LI Z, LIU W X, SHI Y H, et al.Numerical study on progressive collapse resistance of GFRP-reinforced RC beam-slab substructures under corner column removal[J].Journal of Henan Polytechnic University(Natural Science) ,2026,45(3):163-170.

角柱失效工况下GFRP筋加固RC梁板子结构抗连续倒塌数值模拟研究

李治1,2, 刘旺相1,2, 石裕焕2, 林睿文2, 邓炼1, 胡海宁3

1.广西绿色建材与建筑工业化重点实验室，广西 桂林  541004；2.桂林理工大学 土木工程学院，广西 桂林  541004；3.广西水利电力职业技术学院，广西 南宁  530023

摘要:目的 为深入研究角柱失效工况下玻璃纤维（glassfibre reinforced plastics， GFRP）筋加固的钢筋混凝土（reinforced concrete， RC）梁板子结构的抗连续倒塌性能，探究GFRP筋的配筋率、直径和布置方式对加固后的RC梁板子结构抗连续倒塌性能的影响规律。  方法 基于角柱失效工况下GFRP筋加固的RC梁板子结构的Pushdown试验建立精细化有限元模型，利用有限元模型对GFRP筋加固后的RC梁板子结构的抗力机制、破坏模态进行分析。  结果 结果表明：GFRP筋配筋率提高0.36%，对应子结构峰值荷载提高9.68%，残余承载力提高49.17%，提高GFRP筋配筋率可有效提高结构承载能力，残余承载能力的提高更显著；GFRP筋配筋率不变时，将其直径从10 mm减至4 mm，子结构峰值荷载提高2.10%，采用较小直径的GFRP筋加固梁板子结构并不能明显提高结构承载力，但可以抑制裂缝宽度；当GFRP筋与角柱失效工况下梁板子结构失效线正交布置时，GFRP筋使用量为GFRP筋与边梁平行加固方式60%时，可得到和GFRP筋与边梁平行加固方式相近的加固效果，GFRP筋使用量和GFRP筋与边梁平行加固方式相同时，子结构峰值荷载提高了6.03%，GFRP筋沿着失效线正交方向布置加固效果更好。  结论 改善GFRP筋的加固方式可有效提高RC梁板子结构的抗连续倒塌性能，研究结果可为结构加固等实际工程提供参考。

关键词:连续倒塌;角柱失效;RC梁板子结构;GFRP加固;FEM

doi:10.16186/j.cnki.1673-9787.2024020015

基金项目:国家自然科学基金资助项目（52308489）；广西建筑新能源与节能重点实验室开放基金资助项目（桂科能22-21-5）；广西高校中青年教师科研基础能力提升项目（2023KY1142）；广西研究生教育创新计划项目（YCSW2022309）

收稿日期:2024/02/22

修回日期:2024/04/30

出版日期:2026/04/28

Numerical study on progressive collapse resistance of GFRP-reinforced RC beam-slab substructures under corner column removal

Li Zhi1,2, Liu Wangxiang1,2, Shi Yuhuan2, Lin Ruiwen2, Deng Lian1, Hu Haining3

1.Guangxi Key Laboratory of Green Building Materials and Construction Industrialization， Guilin  541004， Guangxi， China；2.College of Civil Engineering， Guilin University of Technology， Guilin  541004， Guangxi， China；3.Guangxi College of Water Resources and Electric Power， Nanning  530023， Guangxi， China

Abstract: Objectives To investigate the progressive collapse resistance of reinforced concrete （RC） beam-slab substructures strengthened with glass fiber reinforced polymer （GFRP） bars under a corner column removal scenario， and to evaluate the effects of reinforcement ratio， bar diameter， and arrangement of GFRP bars.  Methods A refined finite element （FE） model was developed based on pushdown tests of GFRP-reinforced RC beam-slab substructures.
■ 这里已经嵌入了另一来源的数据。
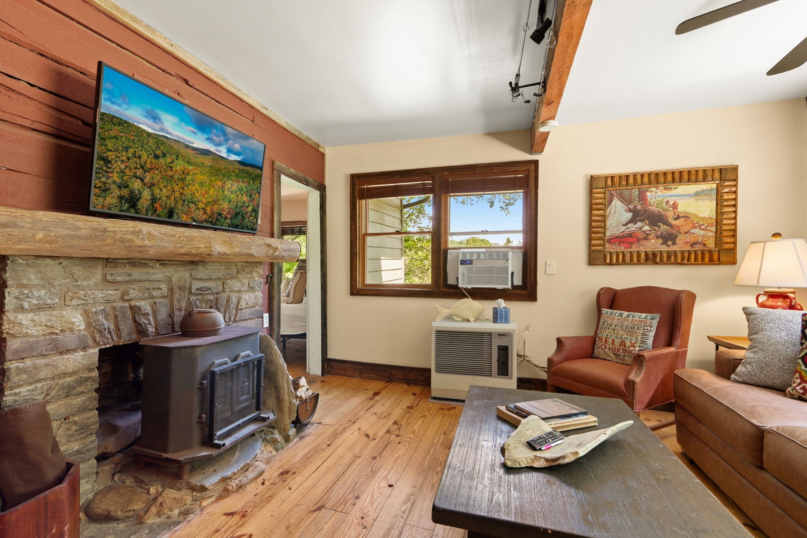 Alamo River House offers 3 bedrooms, 2 bathrooms, HOT TUB, Wi-Fi, Smart TV, wood burning stove (wood not provided), rustic style home, natural and beautiful rock outcroppings, and the Watauga River is practically in your back yard! Easy all paved access will make this home a place you would want to visit year after year.

The load-resisting mechanisms and failure modes were analyzed using the proposed model.  Results The results indicate that increasing the GFRP reinforcement ratio by 0.36% leads to a 9.68% increase in peak load and a 49.17% increase in residual load-carrying capacity， demonstrating a more pronounced improvement in residual capacity. When the reinforcement ratio remains constant， reducing the bar diameter from 10 mm to 4 mm increases the peak load by 2.10%. Although the increase in load capacity is limited， smaller-diameter bars effectively reduce crack width. When GFRP bars are arranged perpendicular to the failure line， a comparable strengthening effect can be achieved with only 60% of the material used in the parallel arrangement. With the same amount of GFRP bars， the peak load increases by 6.03%， indicating that the perpendicular arrangement provides better strengthening performance.  Conclusions Optimizing the arrangement of GFRP bars can effectively enhance the progressive collapse resistance of RC beam-slab substructures. The findings provide useful references for structural strengthening design in engineering practice.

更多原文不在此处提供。